Bal
De voetbalpsychose van het wereldkampioenschap (dit niet negatief bedoeld) is voorbij, maar er zal nog héél lang over worden nagepraat, zoals over die bewuste 1-0 tegen Engeland op Houtrust en de 9-3 tegen België.
Waarin een klein landje groot kan zijn, nietwaar, en Holland spreekt een woordje mee. Intussen zal ook de taal in toenemende mate worden verrijkt met voetbaltermen. Als staatssecretaris Jan Mertens zegt dat de werkgevers paniekvoetbal spelen, begrijpt iedereen dat onmiddellijk.

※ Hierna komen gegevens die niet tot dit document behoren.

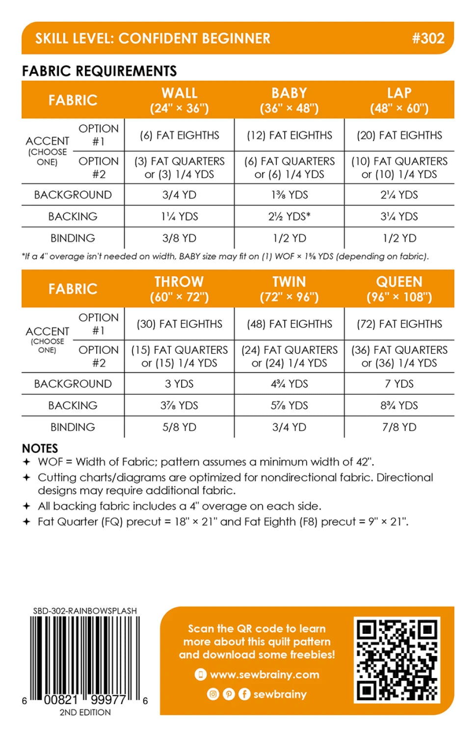 Rainbow Splash Quilt Pattern is backordered and will ship as soon as it is back in stock.
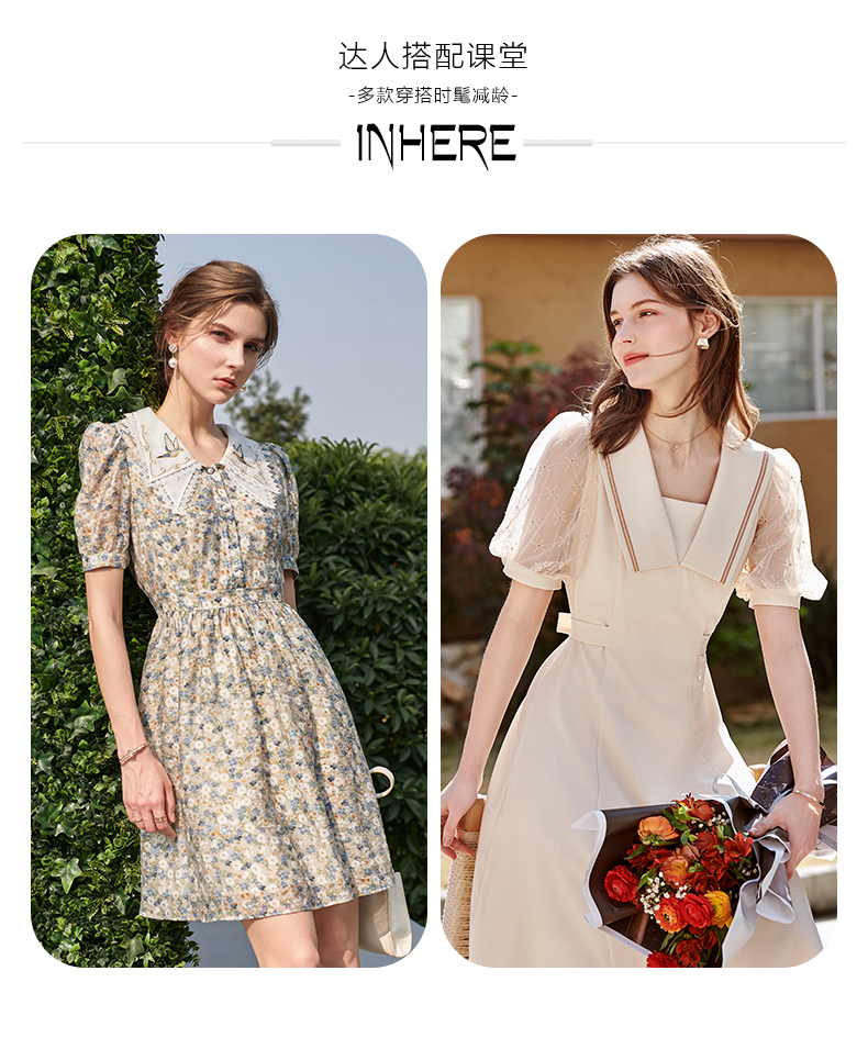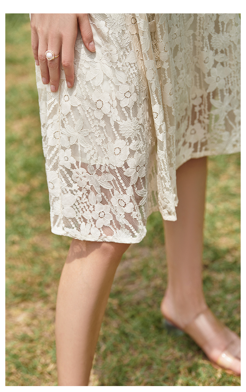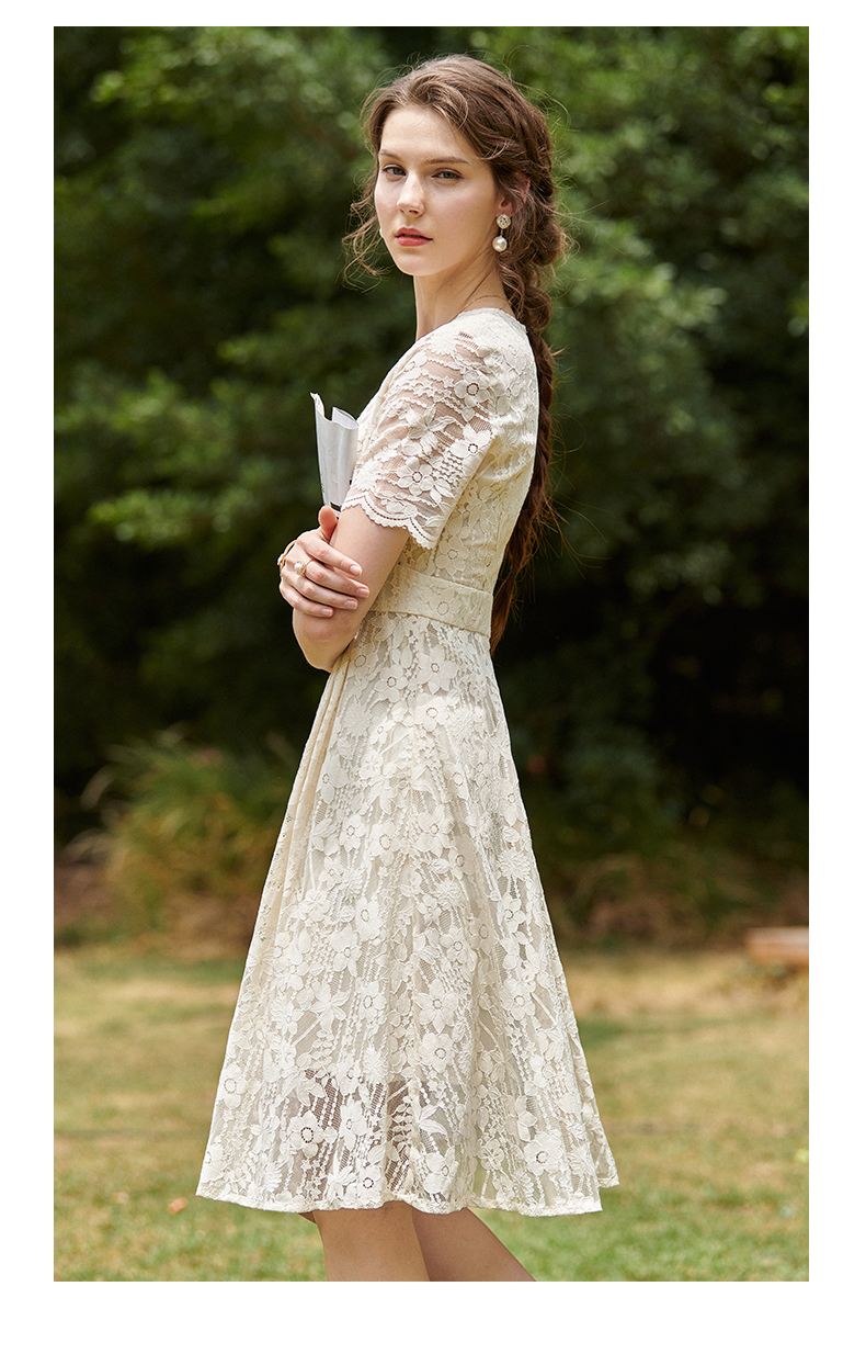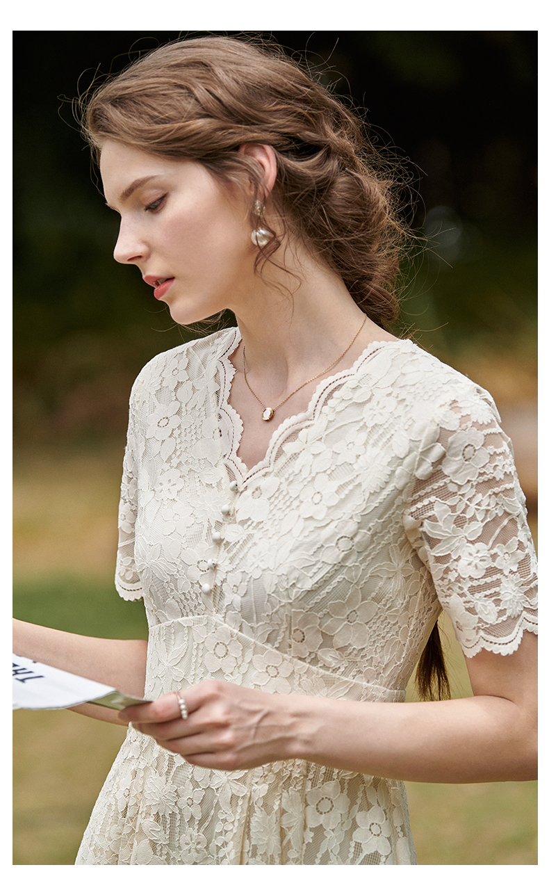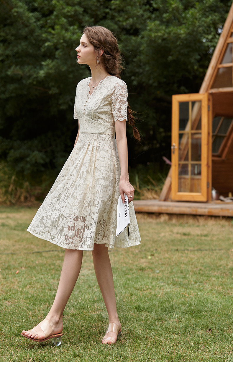 欧芮儿蕾丝连衣裙2021新款收腰显瘦法式v领小个子气质复古裙

Wanneer we lezen dat de Nieuw-Dennendallers buitenspel zijn gezet, weten we allemaal waar het om gaat. Woorden die in het normale taalgebruik zijn opgenomen. Zo is er veel meer. Een kerkelijke autoriteit noemt de achter de hand zijnde vervangers bij vergaderingen niet langer secundi, maar wisselspelers, wat wel zo goed is wanneer ze niet alleen bij verhindering maar ook bij kwesties van speciale deskundigheid kunnen worden ingezet. Het is niet ongebruikelijk iemand te horen zeggen dat een ander in eigen doel heeft getrapt. Ook hoorde ik laatst mijn zoon zeggen dat de leraar een klasgenoot de gele kaart had voorgehouden en in het Dagboek van NRC-Handelsblad wandelt Hans van den Bergh met z'n vrouw in de duinen ‘want de kinderen spelen uit.’ Het zou interessant zijn deze insluiping en verbreding van voetbalbegrippen te volgen. Ik haast me hieraan toe te voegen dat deze ontwikkeling weinig zorgen behoeft te baren. De voetbalsport (en -verslaggeverij) is ooit beïnvloed door militaire terminologie (kanonnade, kogels, het vijandelijke doel dat belegerd wordt) en dan doet dit sympathieker aan.